Szkoda, że Darek odniósł 2 porażki z rzędu w Mistrzostwach Polski i stracił 1 miejsce
In Russia (or better said - in Soviet Union) talented young players didn't have a chance to play in international tournaments. They played only in junior events and in internal Soviet training camps against experienced world class players. They were honing their skills before being presented to the world.Thus, while being very very strong, they had no rating and were all untitled. Remember that Kasparov was unrated when he played his first international tournament in Banja Luka (which he convincingly won). And even there he was sent by mistake. He was "released" too soon, so to speak :) After that he was promptly #13 in the world! So he would certanly become GM earlier had he had a chance.Also Kamsky beat former World championship candidate Mark Taimanov when he was 12 years old (at that time probably the youngest person to defeat a GM in serious game) but he had no title or rating.Soviets didn't allow their youngsters to compete in international tournaments until they matured enough. And these practice was somewhat continued few years after collapse of the Soviet Union. There was very big upheaval when Kasparov demanded that a certain unknown untitled 16 year old boy should represent Russia in the 1992 Olympiad. The young lad then went on to score 8.5/9 and soon after went straight to the GM title (one of the few who never held an IM title). If not for Kasparov, the young lad would be kept as a secret for another year or two.You see, thats why there were no young GM's from Soviet Union.

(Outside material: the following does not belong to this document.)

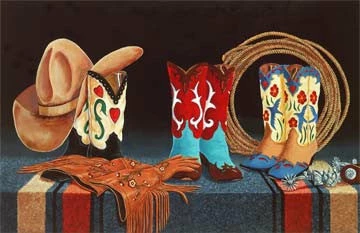 Doreman Burns’ watercolor compositions of the American Cowgirl are a fusion of light and shadow, as well as his own imagination and reality, both past and present. His unusual use of the watercolor medium produces clean, sharp images, and brings his subject matter to life with vibrant color and design.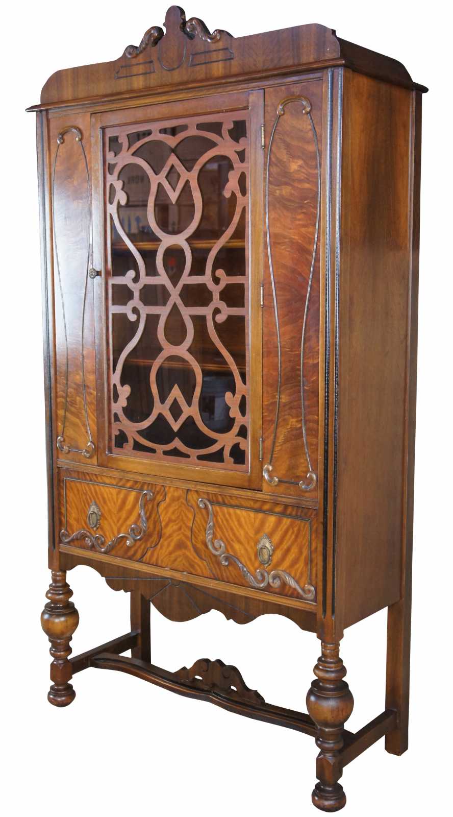 Early 20th century Jacobean style china cabinet. Made from walnut with a burled front. Features two shelves concealed by a large central door lined with fretwork over dovetailed silverware drawer. Includes a serpentine crown and lower apron. The cabinet is supported by turned ballusters leading to bun feet; connected by an H stretcher.

Now of course everything has changed and there are and will be more young GM's from that area.P.S.: For everybody who don't know - that young lad was Vladimir Kramnik.
If you take a closer look, this young lad, Anish Giri, has a face little bit resembling Kasparov at the same age.
To Anon 6:46:Very enlightening post. One would think, however, that when Fischer set the age standard for exceptionally young GMs, the Soviets would have badly wanted to produce a younger one, given the US-USSR tit-for-tat at the that time.
Contrary to Fischer's belief, the Soviets didn't really consider him as the real threat until mid 1960's. And then he quit the interzonals and took a break for two years. So again, they didn't considered him as a real threat - until it was too late.So saying that the Soviets would change their whole youth training policy because of Fischer - thats a big stretch. In reality Fischer was far more obsessed with Soviets then they were about him.